Entro en mi portal. El buzón está a punto de explotar (deberíamos vaciarlo más a menudo). El ascensor me deja en mi rellano y en seguida reconozco esa rallada enorme que hay en mi puerta marrón de pomo dorado. Clic, clic. Giro la llave y entro en mi cueva. ¡Qué oscuridad! ¡Qué olor a cerrado! Un osito de peluche en el suelo del comedor me recuerda que me he dejado algo en Madrid. Y la cama sin hacer hace que me acuerde de las prisas con las que salimos de casa la última vez. Como siempre.

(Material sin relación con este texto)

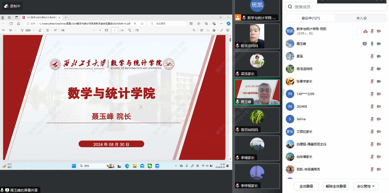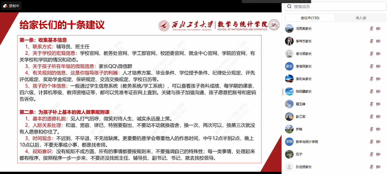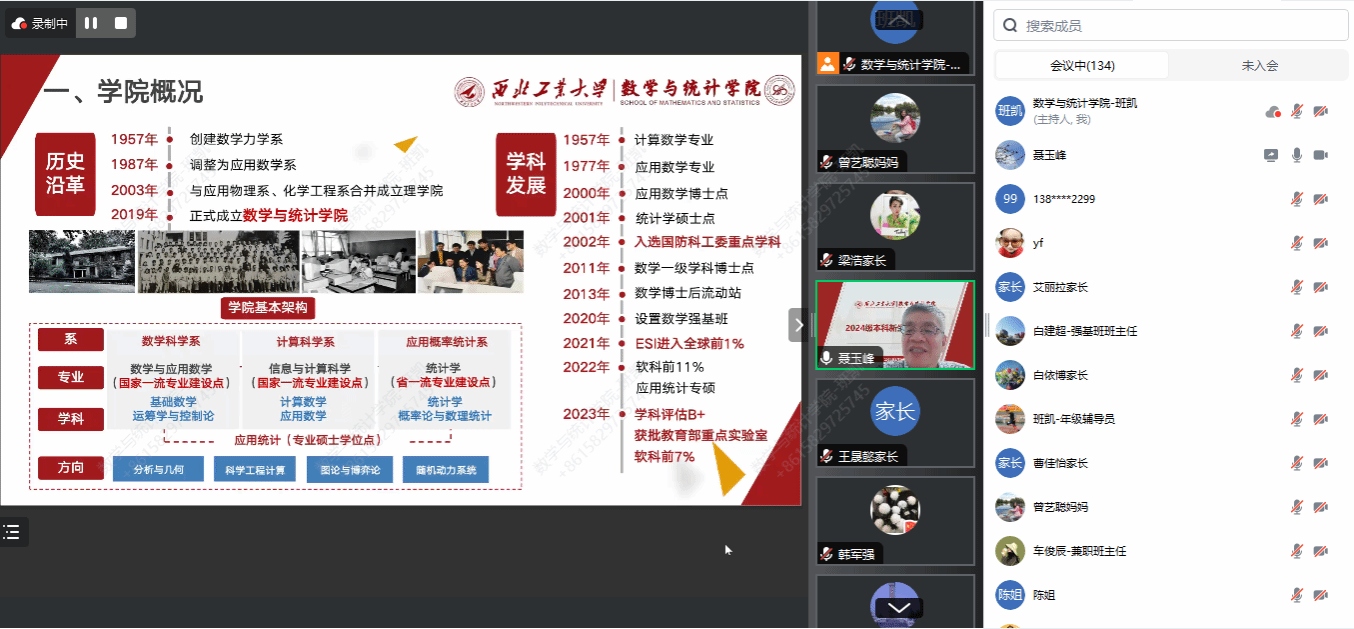8月30日,学院领导班子成员与全体新生家长云端相聚。在这场别开生面的新生家长见面会上,学院整体情况介绍、本科人才培养工作亮点及成绩、家校联动合力育人等内容备受家长们的关注。院长聂玉峰、党委书记王莉、副院长郭千桥围绕主题依次发言,不仅进一步加深了新生家长们对学校、学院的印象和认同感,而且对把孩子交给西工大培养成才表示倍感放心。

Empiezo un fin de semana lleno de cosas que echo de menos. Lleno de Sol, de amigos y de familia. Lleno de las canciones que me recuerdan a Barcelona, las de Damien Rice, Edith Piaf y Antony and the Jhonsons.

Los niños del cole siguen igual. Comparten entre risas el odio por El Camino de Delibes, aquél libro que la profesora les hizo copiar por no haber leído. Mis hermanas siguen habitando la casita de puerta azul y maullidos de gatos endemoniados. Y en El Mediterráneo el tiempo sigue sin aparecer. Palom bebe whisky mirando al vacío. “Es que el vacío me subyuga”, dice. Y una vez en el escenario nos habla de Neruda y de Rubianes, de Sabina, de orgías y de borrachos. Quicos, humo y guitarras. Paraules d’amor, risas y Silvio.

Estuve con ellas, con ellos, conmigo. Dormí aquí y allí. Comí, leí, caminé. Me di cuenta de que cuando vuelves a casa tú eres diferente, pero ahí todo sigue como siempre. Y reconforta.